Pillsbury Harry Nelson (05.12.1872 – 17.06.1906)

Pillsbury-Harry-NelsonAmerican chess player and chess theorist. One of the strongest chess players from the end of the nineteenth to the beginning of the twentieth centuries.

A professional chess player, he edited chess columns in American newspapers. He began to play chess at the age of 16. He moved to Boston to study commerce and spent much time playing draughts, whist and chess. in 1893 he defeated Walbrodt with a score +2=1 and so his professional chess career began. After the victory in the Championship of “Manhattan Chess Club”, he got the right to represent the USA at the Hastings Tournament 1895, where he showed his best result having won the first prize and scored 16,5 out of a 21 possible followed by the strongest players of that time: Lasker, Tarrasch, Tchigorin and Steinitz.
After this tourney, Tarrasch said that the success of Pillsbury was extraordinary; moreover, he took part in such a great tournament for the first time. He said that Pillsbury was a chess player of genius and his play was full of deep ideas.
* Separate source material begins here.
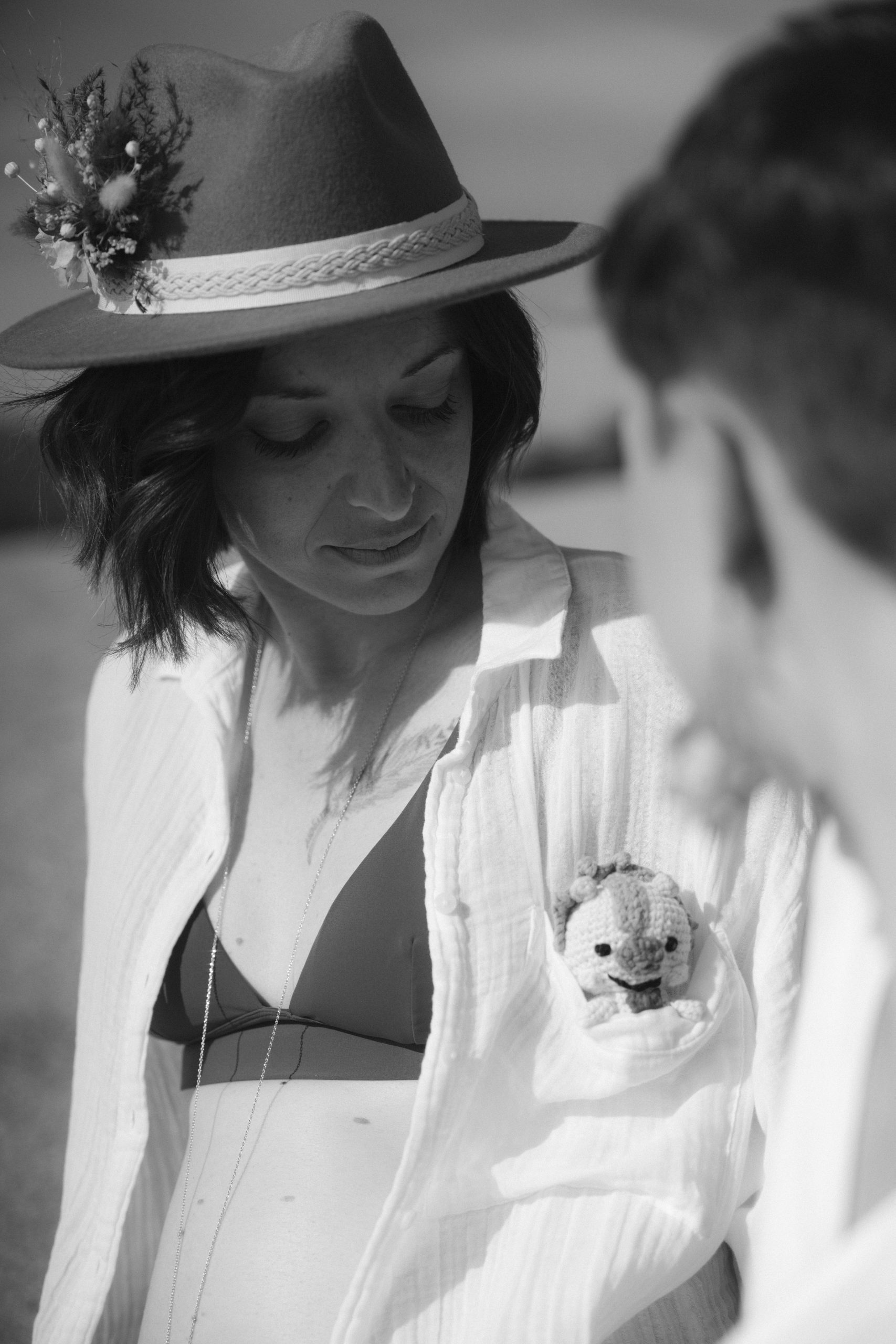Gros plan en noir et blanc sur Nelly, le ventre de grossesse apparent et une peluche de dinosaure en crochet dans sa poche, portant un chapeau orné de fleurs séchées, pendant sa séance grossesse à Argelès-sur-Mer.

Alfred Emery, a chess player, and a journalist, wrote that “Pillsbury’s best combinations were made with apparently little trouble. An inveterate smoker, often consuming a dozen cigars without pause, he would, when working out some particular combination, send a cloud of smoke among the pieces. Then, tilting his chair like an American rocker, he would sum up, as it seemed, the wider progress of the game, himself often the coolest of the company.” The victory at the Hastings Tournament gave him a chance to play at the St. Petersburg match tournament but his performance there was not stable due to his illness and finally, he took only the third place. Nevertheless, he won an individual match against Lasker and beat him with a score 3,5-2,5, and Tchigorin with a score +3=1-2, but lost to Steinitz scoring =2-4. He continued to play successfully in various chess events, but he never again achieved the same level like at Hastings.
In 1896 he played at Nuremberg where he shared third place with Tarrasch behind Lasker and Maroczy and at Budapest where he was the third behind Tchigorin and Charousek. In 1898 at Vienna he shared the first-second places but lost the match for the first prize to Tarrasch with a score +1-2=1. Pillsbury played at London in 1899 where he was equal second with Maroczy and Janowski behind Lasker.
In 1900 he performed second at Paris after Lasker and shared 1-3 places at Munich together with Maroczy and Schlechter where he drew a play-off match for the first-second places with Schlechter. In 1902 he was the second at Monte Carlo after Maroczy and Hanover behind Janowski, the next year at Monte Carlo he was the third behind Tarrasch and Maroczy, and the fourth at the Vienna King’s Gambit Tournament In 1901 he married in Philadelphia and settled there. Only once in 1904 at the Cambridge Springs Tournament; he did not take any prize being very ill, but he drew an individual game with Lasker.

Until the very end of his life, he remained the US Champion as he won two matches against Showalter, the first one in 1897 with a score +10-8=3 and in 1898 with a score +7-3=2. He became the winner of the 1901 Buffalo National Master Tournament.

In the period 1894-1906 he participated in four national and 13 international tournaments, having played 312 games with a total score +172, -63, =77. In general, he played six matches with a total score +31-19=14 and lost only one to Tarrasch.

He was an outstanding master of blindfold exhibitions, performing in the period 1898-1904 in 40 displays and winning 666 games with a score +456-75=135. In 1901 for seven months he played in 150 blindfolds. In 1902 he traveled to Russia and played 22 simultaneous blindfold games versus the strongest Moscow chess players, and his display ended with a score of +17-1=4 in his favor. Pillsbury was a chess player of universal style, known for his research in the Queen’s Gambit and Spanish openings, being a keen strategic player.

The tragedy of his short life was that Pillsbury contracted syphilis in St. Petersburg in 1895-96 and was not well during 1896; he then recovered, but in 1903, he succumbed to the disease again and was seriously ill in 1904.